> Exercise prompt: Output exactly the lines that come between the start of the material and the line containing "比如文章中的,SD卡启动,V", both ends included, with the pictures omitted.

> Data excerpt:

******

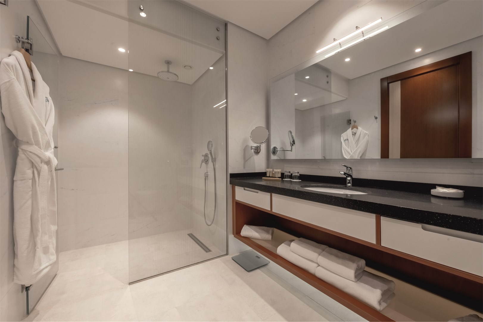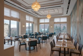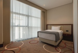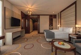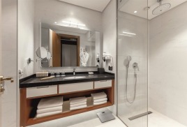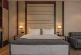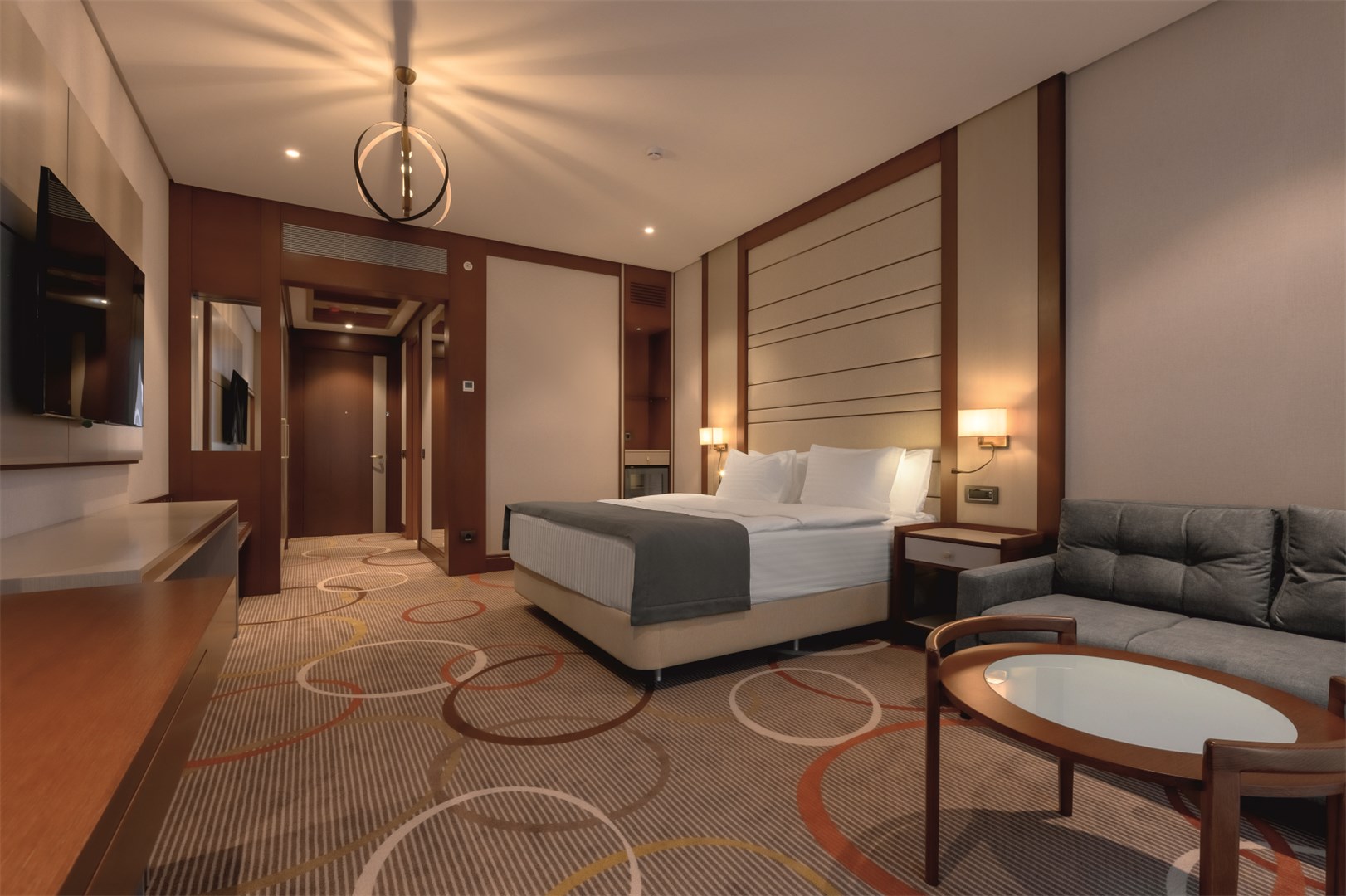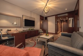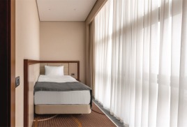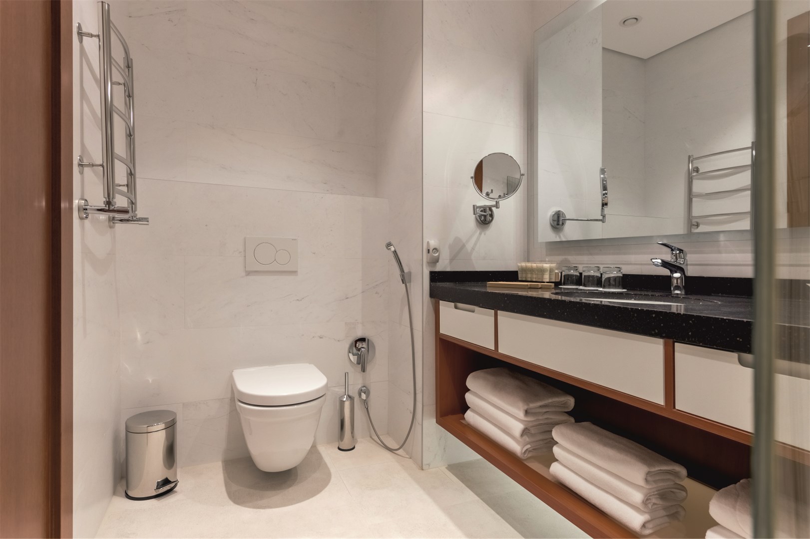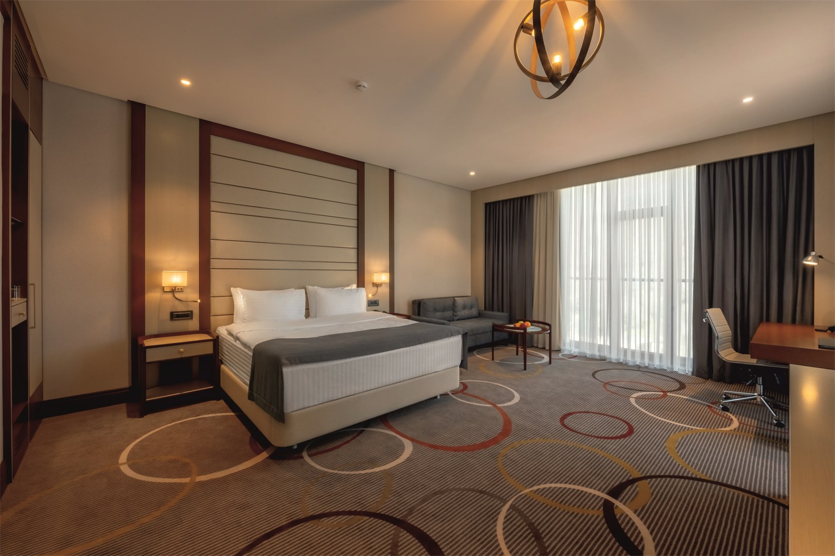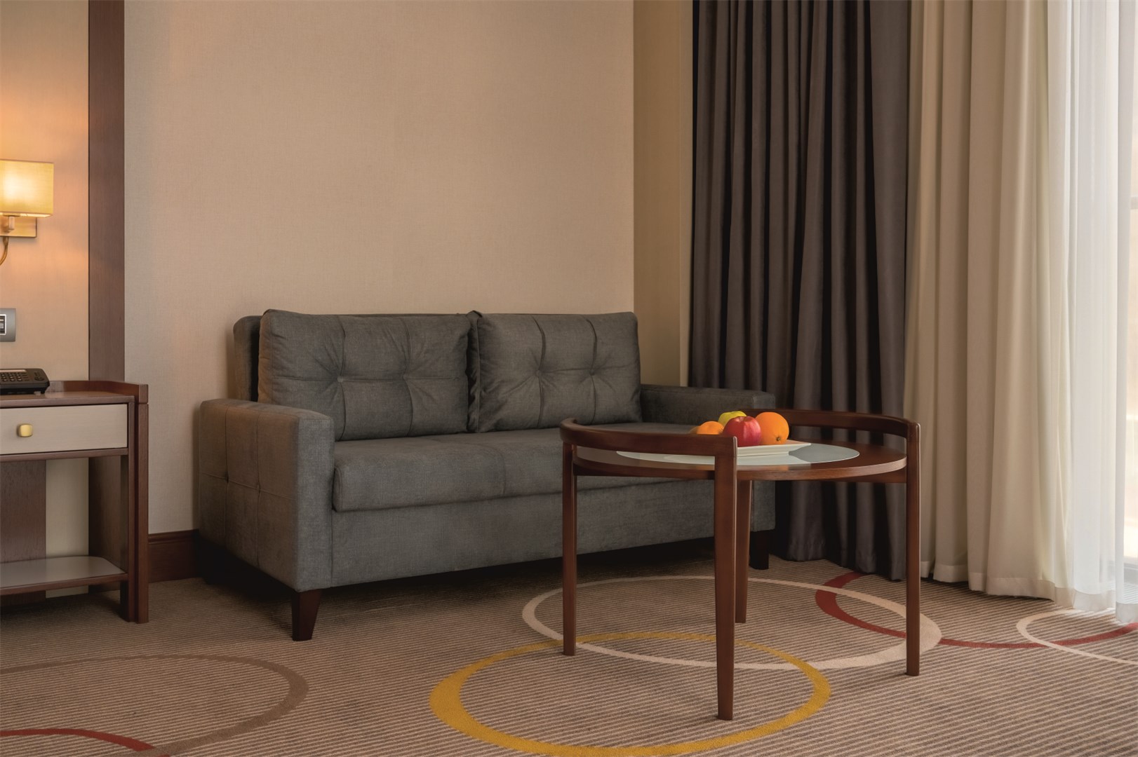 - 2-местный 1-комнатный Джуниор. Площадь 36 кв.м. В номере: две односпальные кровати или одна двуспальная кровать, диван, ЖК телевизор, холодильник, мини-бар, система климат-контроль, сейф, электрический чайник, чайный набор, санузел с душевой кабиной, фен, халат, тапочки, гостиничная парфюмерия, французский балкон с видом на гору Бештау или на гору Железная.
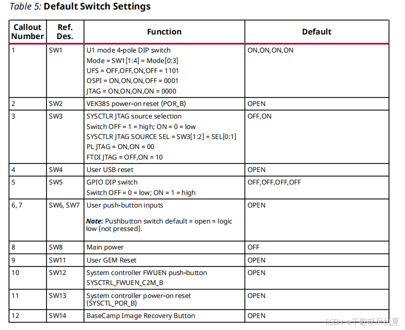 比如文章中的,SD卡启动,VEK385理论上没有SD卡启动模式,除非自己设置了后门。SD卡烧录都是双重引导,即SC启动+versal OSPI+SD卡+UFS烧录,这是我亲测有效流程。SW1即启动模式,目前就UFS,OSPI,JTAG。
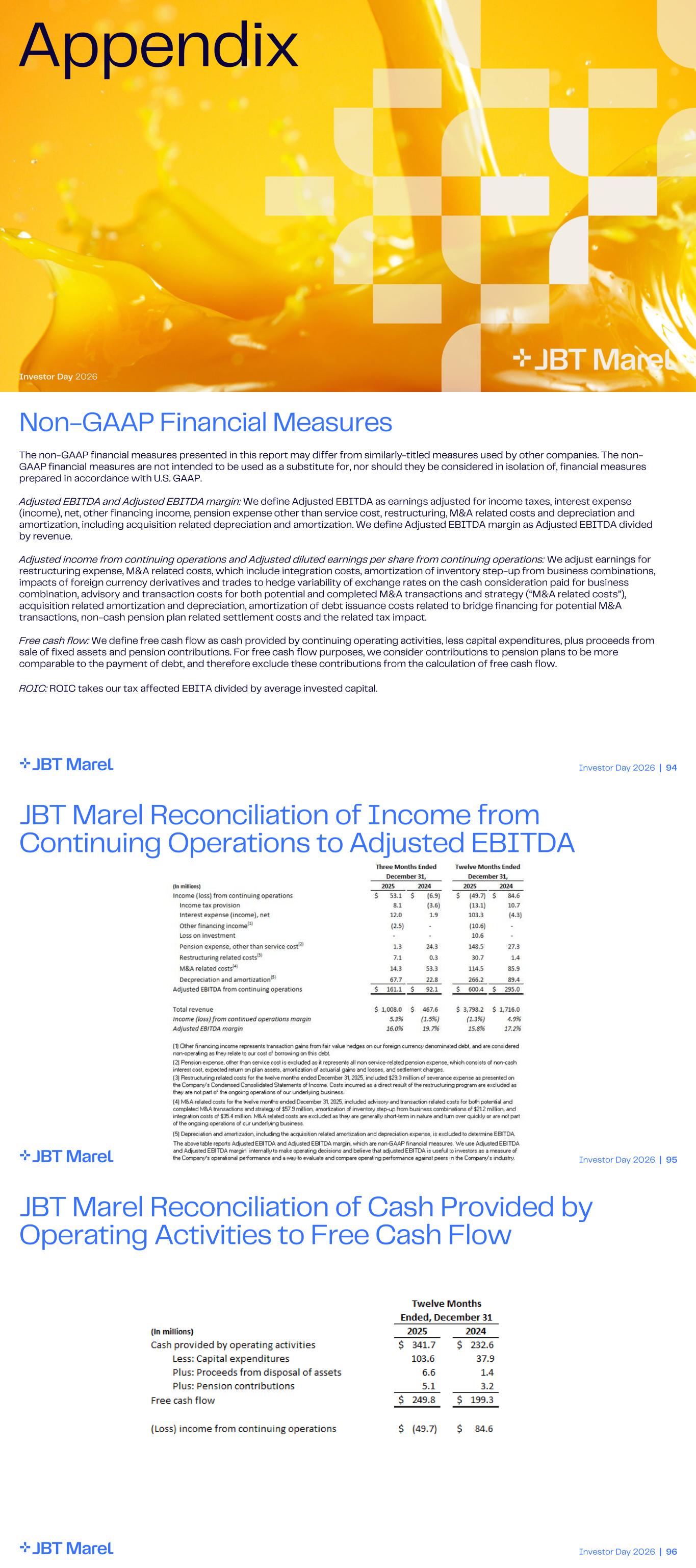 Investor Day 2026 | 93 Appendix Investor Day 2026 Investor Day 2026 | 94 Non - GAAP Financial Measures The non - GAAP financial measures presented in this report may differ from similarly - titled measures used by other companies. The non - GAAP financial measures are not intended to be used as a substitute for, nor should they be considered in isolation of, finan cia l measures prepared in accordance with U.S. GAAP. Adjusted EBITDA and Adjusted EBITDA margin: We define Adjusted EBITDA as earnings adjusted for income taxes, interest expense (income), net, other financing income, pension expense other than service cost, restructuring, M&A related costs and deprecia tion and amortization, including acquisition related depreciation and amortization. We define Adjusted EBITDA margin as Adjusted EBITD A d ivided by revenue. Adjusted income from continuing operations and Adjusted diluted earnings per share from continuing operations: We adjust earnings for restructuring expense, M&A related costs, which include integration costs, amortization of inventory step - up from business combi nations, impacts of foreign currency derivatives and trades to hedge variability of exchange rates on the cash consideration paid for bus iness combination, advisory and transaction costs for both potential and completed M&A transactions and strategy (“M&A related cost s”), acquisition related amortization and depreciation, amortization of debt issuance costs related to bridge financing for potent ial M&A transactions, non - cash pension plan related settlement costs and the related tax impact. Free cash flow: We define free cash flow as cash provided by continuing operating activities, less capital expenditures, plus proceeds from sale of fixed assets and pension contributions. For free cash flow purposes, we consider contributions to pension plans to be mo re comparable to the payment of debt, and therefore exclude these contributions from the calculation of free cash flow. ROIC: ROIC takes our tax affected EBITA divided by average invested capital. Investor Day 2026 | 95 JBT Marel Reconciliation of Income from Continuing Operations to Adjusted EBITDA Investor Day 2026 | 96 JBT Marel Reconciliation of Cash Provided by Operating Activities to Free Cash Flow

******

> Final answer:
 - 2-местный 1-комнатный Джуниор. Площадь 36 кв.м. В номере: две односпальные кровати или одна двуспальная кровать, диван, ЖК телевизор, холодильник, мини-бар, система климат-контроль, сейф, электрический чайник, чайный набор, санузел с душевой кабиной, фен, халат, тапочки, гостиничная парфюмерия, французский балкон с видом на гору Бештау или на гору Железная.
 比如文章中的,SD卡启动,VEK385理论上没有SD卡启动模式,除非自己设置了后门。SD卡烧录都是双重引导,即SC启动+versal OSPI+SD卡+UFS烧录,这是我亲测有效流程。SW1即启动模式,目前就UFS,OSPI,JTAG。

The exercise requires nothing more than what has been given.